WORK TASK |
Copy the data below exactly. Any pictures in it should be omitted.

*** AVAILABLE RECORDS Section Begins ***

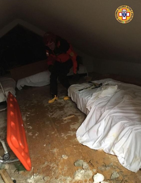 PESCARA – Un biliardo, bottiglie d’acqua e bicchieri di plastica, del cioccolato, qualche lettino. È quello che hanno trovato i soccorritori del Soccorso Alpino nelle stanze dell’Hotel Rigopiano dove i sopravvissuti hanno trovato rifugio per 42 ore prima di essere soccorsi ed estratti dalla trappola di neve dopo la valanga che ha sommerso completamente la struttura.
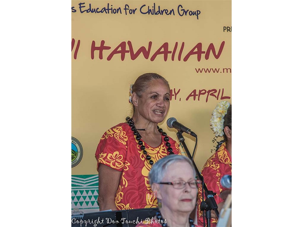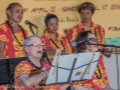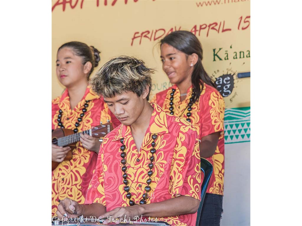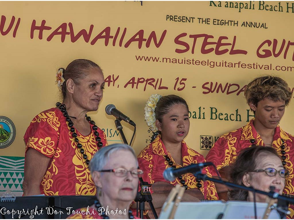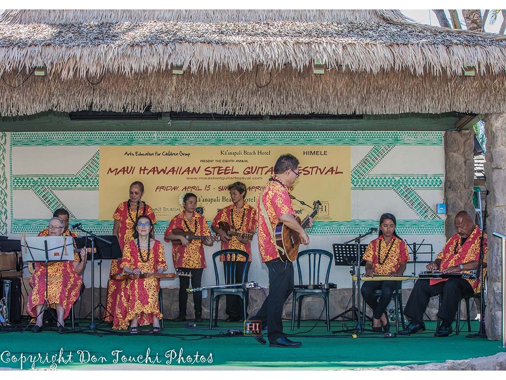 Students from Ke Kula Mele Hawaii School of Hawaiian Music performed on Saturday's open stage. The group was led by steel guitarist Alan Akaka (who also performed in Friday's Ho'olaule'a program). Many of the ensemble performers are also steel guitar students of the school.
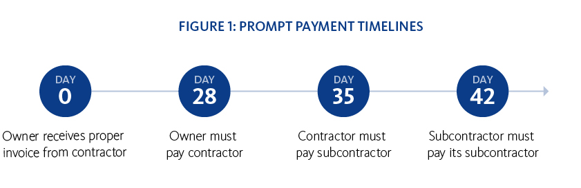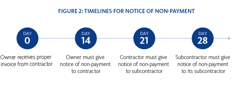 The prompt payment regime introduces swift payment deadlines that were inspired by similar reforms introduced over 20 years ago in the United Kingdom. The clock starts ticking once the owner receives a “proper invoice” from its general contractor, either on a monthly basis or as otherwise agreed in the contract. The owner must either pay within 28 calendar days (Figure 1) or dispute within 14 calendar days, describing the reasons for non-payment (Figure 2). In turn, the contractor must either pay its subcontractors within seven calendar days of receipt of payment (Figure 1) or send notices of dispute within seven calendar days (Figure 2).
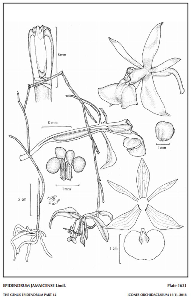 "Epidendrum jamaicense belongs to the GROUP Arbusculum SUBGROUP Incomptum which is characterized by the successive lateral growths produced from the middle of the previous growth, few leaves aggregate towards the apex of the stems, a short apical inflorescence with fleshy greenish to violet-green flowers with short ovaries, the lip entire to 3-lobed, and the Proligerum Complex, which has the ovary inflated, forming a vesicle behind the perianth. The species is recognized by the sub-coriaceous leaves, the successive flowers with a prominent ventral nectary which inflates the ovary over two-thirds its length, acute petals, reniform, bicallose lip, straight column, narrow, and the enormous stigmatic cavity which occupies the whole length of the column. Epidendrum ochrochlorum Barb.Rodr. is green and has larger flowers, sepals .56 to .6" [14 to 15 mm] long, acute, the lip is very similar in shape, the base cordate, with the mid-lobe of the lip emarginate and thus bilobed, but the sides of the lip are obliquely revolute, so that in natural position it looks triangular. Epidendrum proligerum Barb.Rodr. is also larger, with the sepals .48 to .52" [12 to 13 mm] long, has the mid-lobe of the lip entire, not emarginate, with the base of the lip cuneate. Epidendrum morganii Dodson has a widely cordiform, entire lip, sepals .52 to .72" [13 to 18 mm] long, and single veined petals. " Hagsater etal 2018
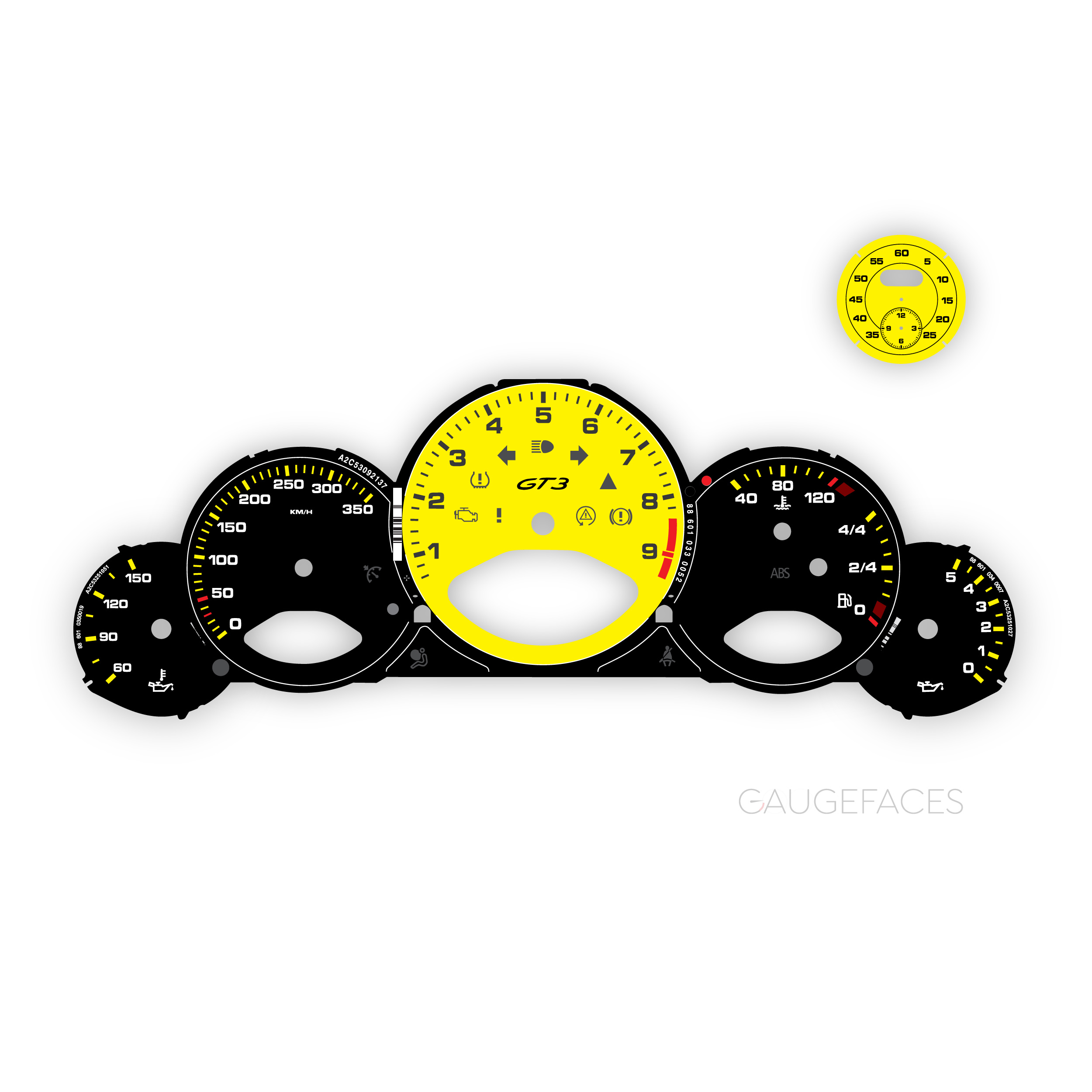 Custom Order: Porsche 996.2 Gauge Faces Set – US-Spec – Manual – White with Semi-Ring
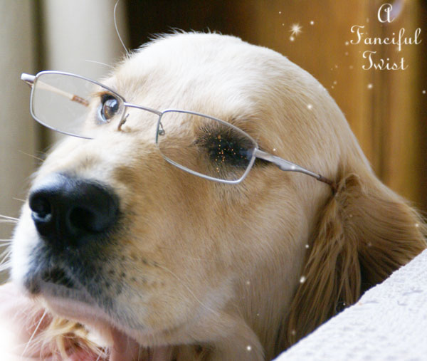 Miles is such a good furry one sporting his thinking glasses, cutie-pie dog dog.

*** AVAILABLE RECORDS Section Ends ***

RESULT FOR THIS EXERCISE |
 PESCARA – Un biliardo, bottiglie d’acqua e bicchieri di plastica, del cioccolato, qualche lettino. È quello che hanno trovato i soccorritori del Soccorso Alpino nelle stanze dell’Hotel Rigopiano dove i sopravvissuti hanno trovato rifugio per 42 ore prima di essere soccorsi ed estratti dalla trappola di neve dopo la valanga che ha sommerso completamente la struttura.
 Students from Ke Kula Mele Hawaii School of Hawaiian Music performed on Saturday's open stage. The group was led by steel guitarist Alan Akaka (who also performed in Friday's Ho'olaule'a program). Many of the ensemble performers are also steel guitar students of the school.
 The prompt payment regime introduces swift payment deadlines that were inspired by similar reforms introduced over 20 years ago in the United Kingdom. The clock starts ticking once the owner receives a “proper invoice” from its general contractor, either on a monthly basis or as otherwise agreed in the contract. The owner must either pay within 28 calendar days (Figure 1) or dispute within 14 calendar days, describing the reasons for non-payment (Figure 2). In turn, the contractor must either pay its subcontractors within seven calendar days of receipt of payment (Figure 1) or send notices of dispute within seven calendar days (Figure 2).
 "Epidendrum jamaicense belongs to the GROUP Arbusculum SUBGROUP Incomptum which is characterized by the successive lateral growths produced from the middle of the previous growth, few leaves aggregate towards the apex of the stems, a short apical inflorescence with fleshy greenish to violet-green flowers with short ovaries, the lip entire to 3-lobed, and the Proligerum Complex, which has the ovary inflated, forming a vesicle behind the perianth. The species is recognized by the sub-coriaceous leaves, the successive flowers with a prominent ventral nectary which inflates the ovary over two-thirds its length, acute petals, reniform, bicallose lip, straight column, narrow, and the enormous stigmatic cavity which occupies the whole length of the column. Epidendrum ochrochlorum Barb.Rodr. is green and has larger flowers, sepals .56 to .6" [14 to 15 mm] long, acute, the lip is very similar in shape, the base cordate, with the mid-lobe of the lip emarginate and thus bilobed, but the sides of the lip are obliquely revolute, so that in natural position it looks triangular. Epidendrum proligerum Barb.Rodr. is also larger, with the sepals .48 to .52" [12 to 13 mm] long, has the mid-lobe of the lip entire, not emarginate, with the base of the lip cuneate. Epidendrum morganii Dodson has a widely cordiform, entire lip, sepals .52 to .72" [13 to 18 mm] long, and single veined petals. " Hagsater etal 2018
 Custom Order: Porsche 996.2 Gauge Faces Set – US-Spec – Manual – White with Semi-Ring
 Miles is such a good furry one sporting his thinking glasses, cutie-pie dog dog.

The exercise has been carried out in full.